CA is mature, well-known, and works on every cloud. It’s not as fast or efficient as Karpenter, but it’s the safe default for many setups.

2. CA vs Karpenter

See Karpenter for the full comparison. Quick summary:

	CA	Karpenter
Model	Node groups with min/max	Pod-driven, dynamic instance selection
Cold start	2-3 min	30-60s
Instance diversity	Per node group	Across the whole NodePool
Consolidation	Conservative	Aggressive
Cloud support	All	AWS first; GKE, Azure in progress
Recommendation	Stable, mature	New clusters, dynamic workloads

Pick CA if:

You have a stable workload pattern and want predictable node group sizes.
You’re on a cloud where Karpenter isn’t ready (e.g. on-prem, some clouds).
You need mature, well-tested behavior.

Pick Karpenter if:

You have heterogeneous workloads (different instance types needed).
You want fast scale-up (30s vs 3 min).
You’re on AWS.

3. Architecture

CA runs as a single Deployment in the cluster (with leader election for HA):

┌────────────────────────────────────────────────────────────┐
│  cluster-autoscaler Deployment                            │
│                                                            │
│  - Leader-elected (1 active, 1+ standby)                  │
│  - Watches Pods, Nodes, node group sizes                   │
│  - Decides scale-up / scale-down                           │
│  - Calls cloud APIs (ASG, MIG, VMSS)                       │
└────────────────────────────────────────────────────────────┘
        ▲
        │  Reads cloud config from flags
        │
        ▼
   Cloud provider's autoscaling API
   - AWS: ASG (Auto Scaling Group)
   - GCP: MIG (Managed Instance Group)
   - Azure: VMSS (Virtual Machine Scale Set)

CA is a single binary (no operator, no CRDs, no webhooks). Config is via flags and a ConfigMap. State is in the apiserver and the cloud.

3.1 The CA image

CA is shipped as a container image. The cluster runs it as a Deployment with:

ServiceAccount with permission to read Pods, Nodes, and update node group sizes.
IAM role (cloud) with permission to call the autoscaling API.
ConfigMap (optional) for some tunings.

4. Node Groups and ASGs

CA scales node groups (cloud concept) up and down. Each node group has a min, max, and the instance type.

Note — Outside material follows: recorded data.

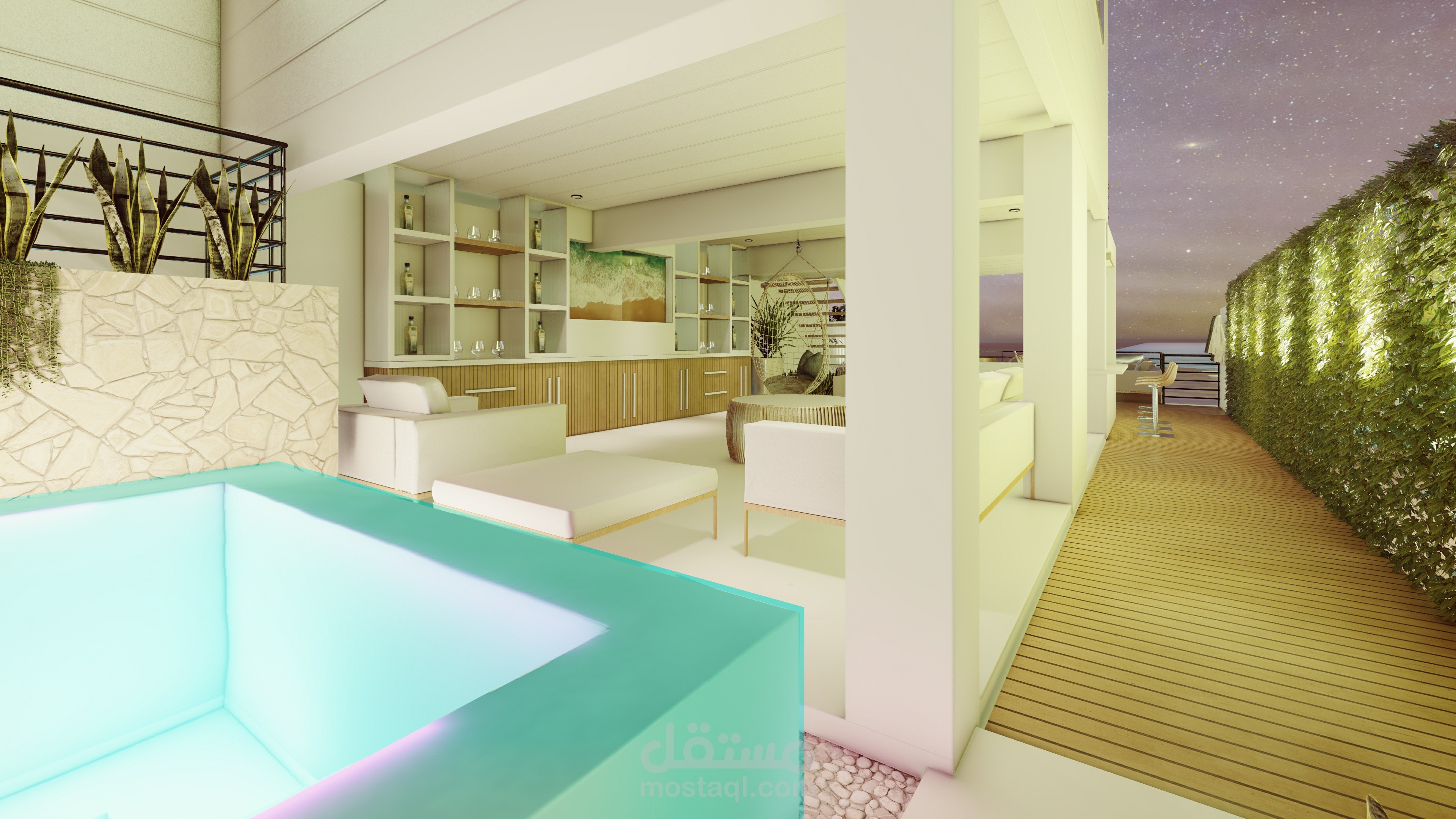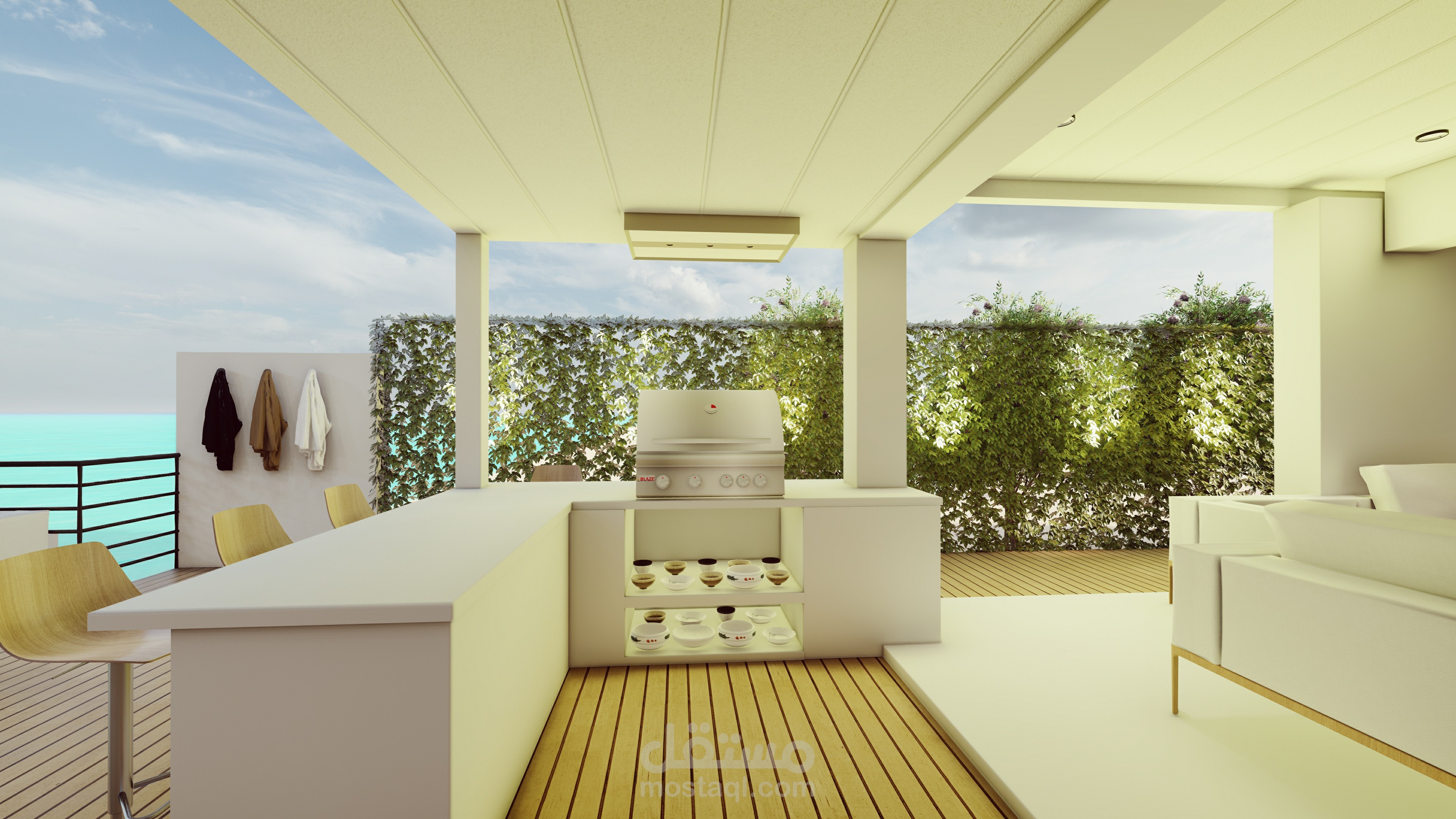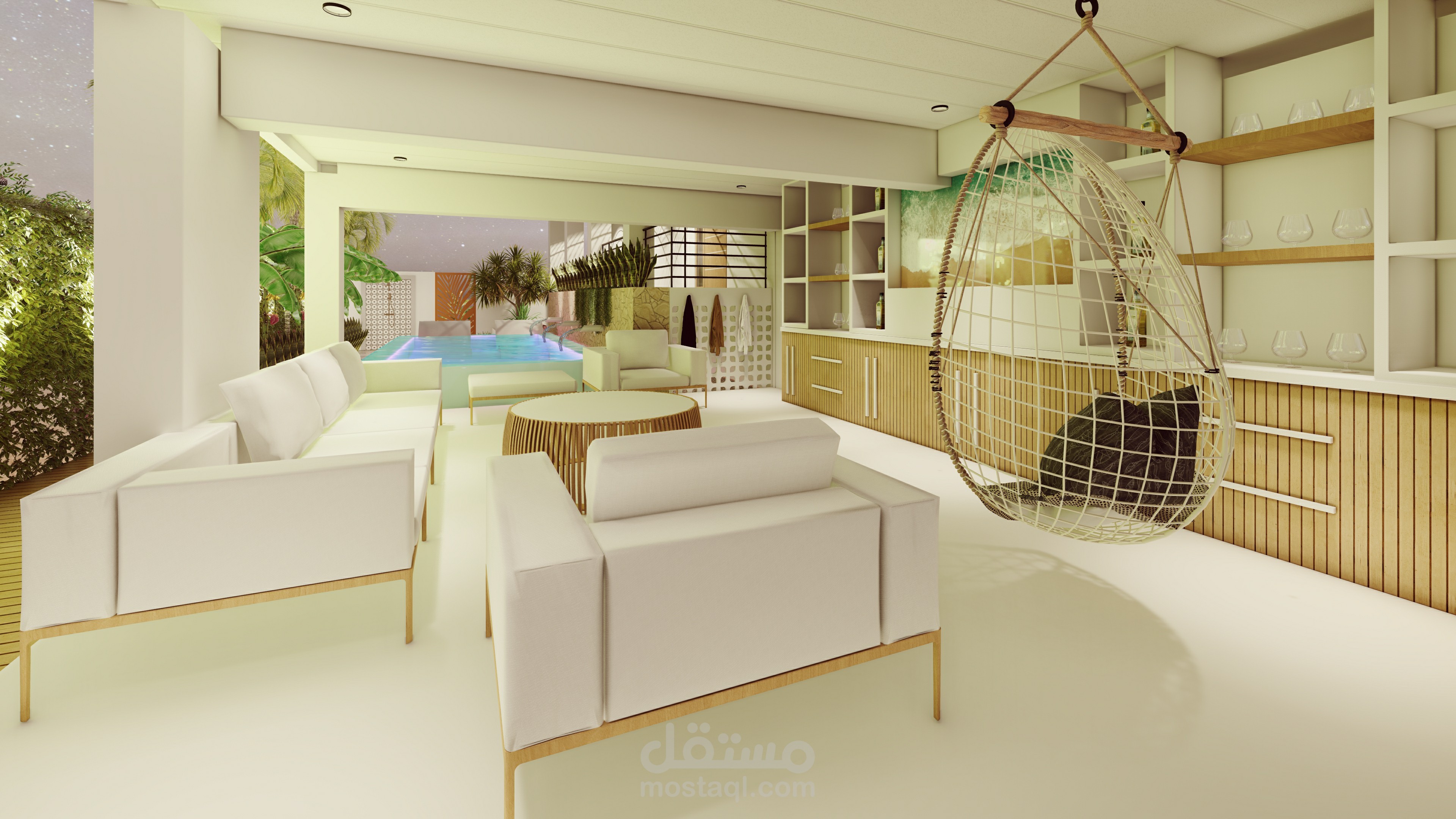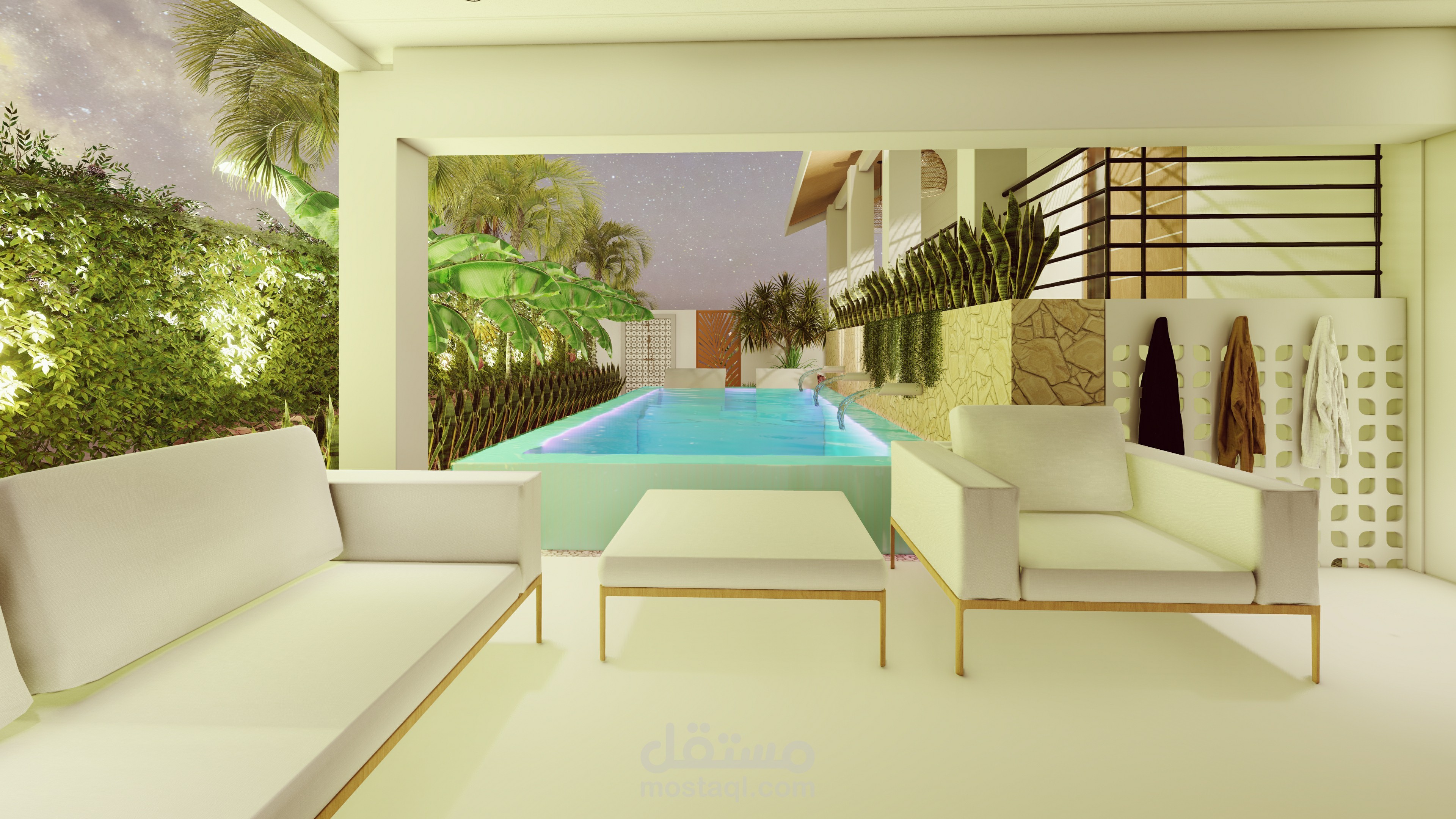 كان المطلوب تصميم لاندسكيب مناسب لمتطلبات العميل مع اجراء تعديلات علي الواجهة بحيث تكون متناسقة وغير مكلفة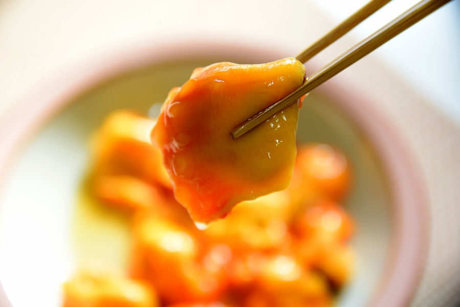 예쁜 선홍빛을 띈 멍게로 엄격하게
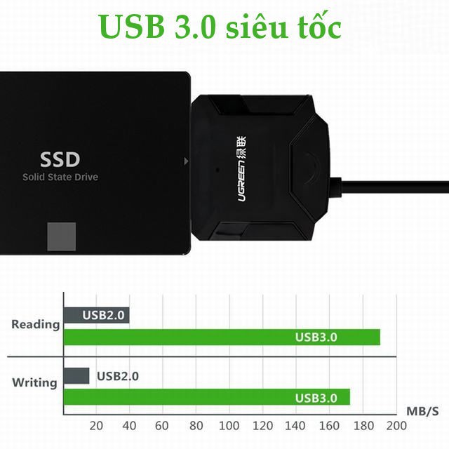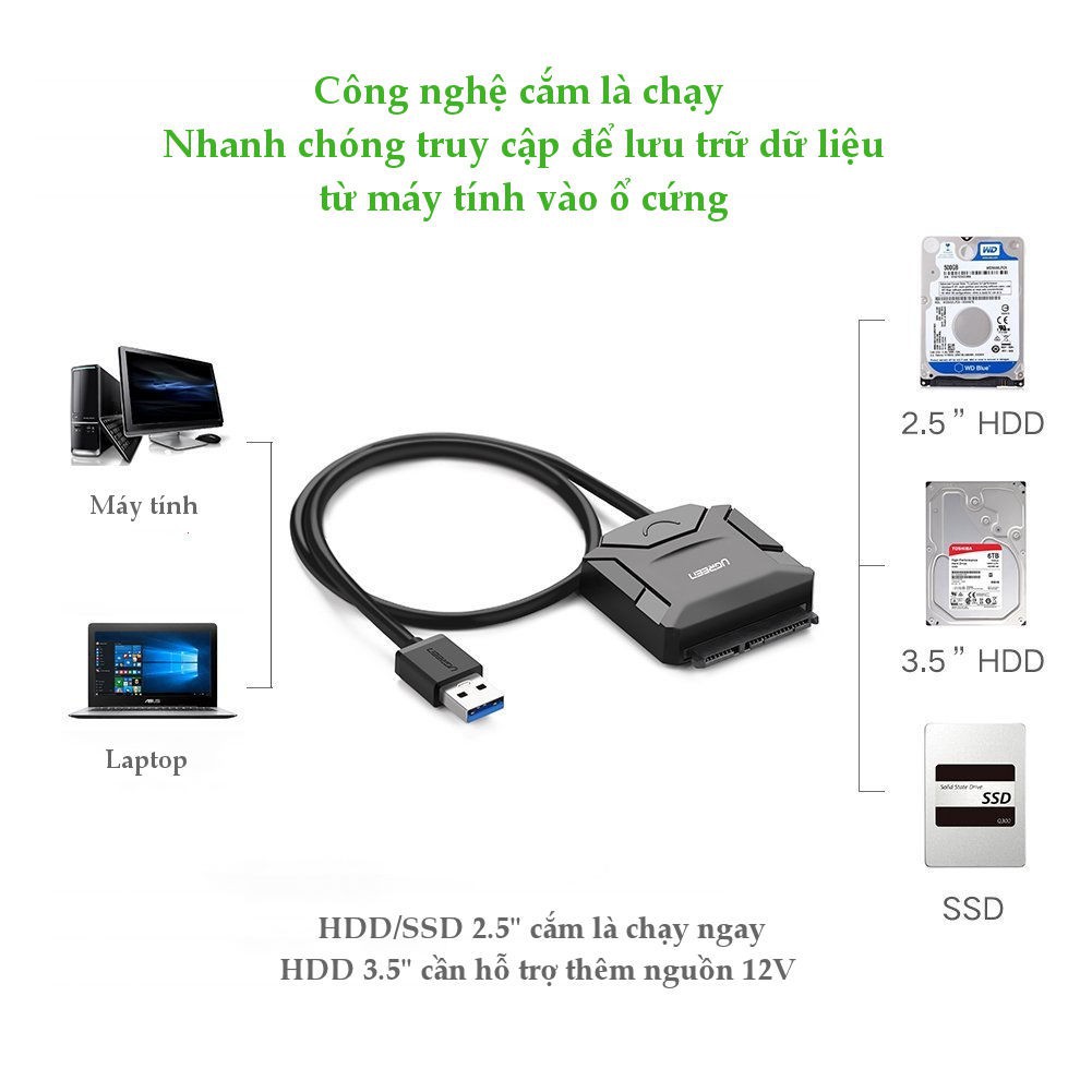 ✪ USB To Sata 3.0 Ugreen 20611 - 20231 cho phép kết nối USB 3.0 với một ổ cứng SATA 2,5 inch, 3,5 inch và ổ cứng SSD.
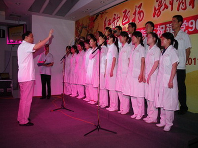 门诊党支部:合唱《中国,中国,鲜红的太阳永不落》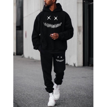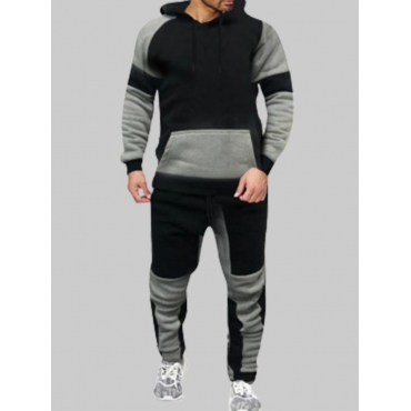 Lovely Sportswear Hooded Collar Color-lump Black Men Two Piece Pants Set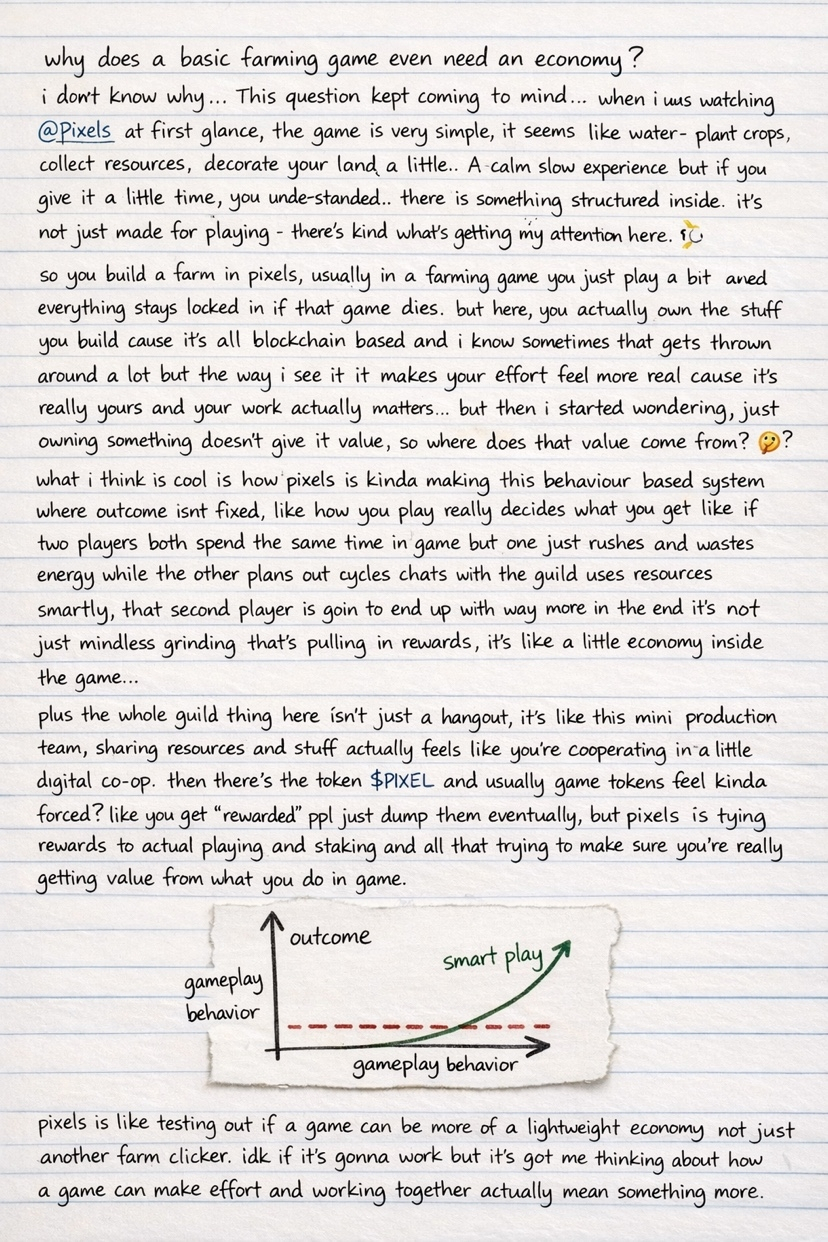 Eu continuo voltando a uma coisa: por que um jogo de agricultura precisa de uma economia em primeiro lugar? Porque quando eu olhei pela primeira vez para @Pixels , me pareceu super simples, apenas plantar coisas, coletar itens, arrumar sua terra, relaxar um pouco e sair. Essa é a superfície, pelo menos. Mas quanto mais eu assistia, mais sentia que havia algo mais sob toda aquela calma do jogo, e acho que isso ficou na minha cabeça. Joguei jogos suficientes para saber que a maioria deles não se importa realmente com seu esforço uma vez que você sai; você se esforça um pouco, ganha alguma recompensa, gasta e o ciclo se encerra, terminado, nada realmente fica com você. Mas aqui eu sinto que os pixels estão tentando esticar esse ciclo e fazer seu tempo dentro do jogo ter um pouco mais de peso.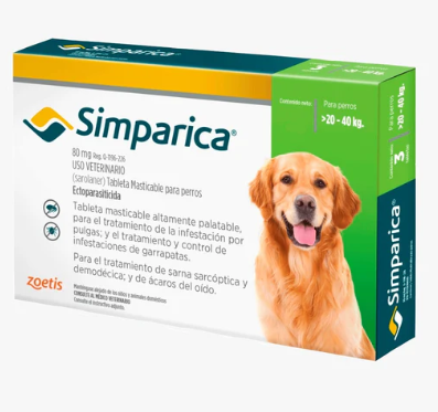 Simparica tabletas masticables elimina pulgas adultas y está indicada para el tratamiento y prevención de infestaciones de pulgas (Ctenocephalides felis y Ctenocephalides canis) y para el tratamiento y control de infestaciones de garrapatas (Rhipicephalus sanguineus). Amblyomma americanum, Ablyomma cajennense, Amblyomma maculatum. Dermacentor variabilis, Dermacentor reticulatus, Ixodes scapularis, Ixodes ricinus, Ixodes holocyclus, Ixodes hexagonus, Haemaphysalis longicornis). Simparica provee una inmediata y persistente eliminación de las pulgas y garrapatas por al menos 5 semanas.

4.1 AWS: Auto Scaling Group (ASG)

resource "aws_autoscaling_group" "workers" {
  name                = "k8s-workers"
  min_size            = 2
  max_size            = 20
  desired_capacity    = 2
  vpc_zone_identifier = [var.subnet_a, var.subnet_b]
  
  launch_template {
    id      = aws_launch_template.workers.id
    version = "$Latest"
  }
  
  tag {
    key                 = "k8s.io/cluster-autoscaler/enabled"
    value               = "true"
    propagate_at_launch = false
  }
  # ...
}

The tags k8s.io/cluster-autoscaler/<cluster-name>: owned tell CA “this ASG is yours to scale.”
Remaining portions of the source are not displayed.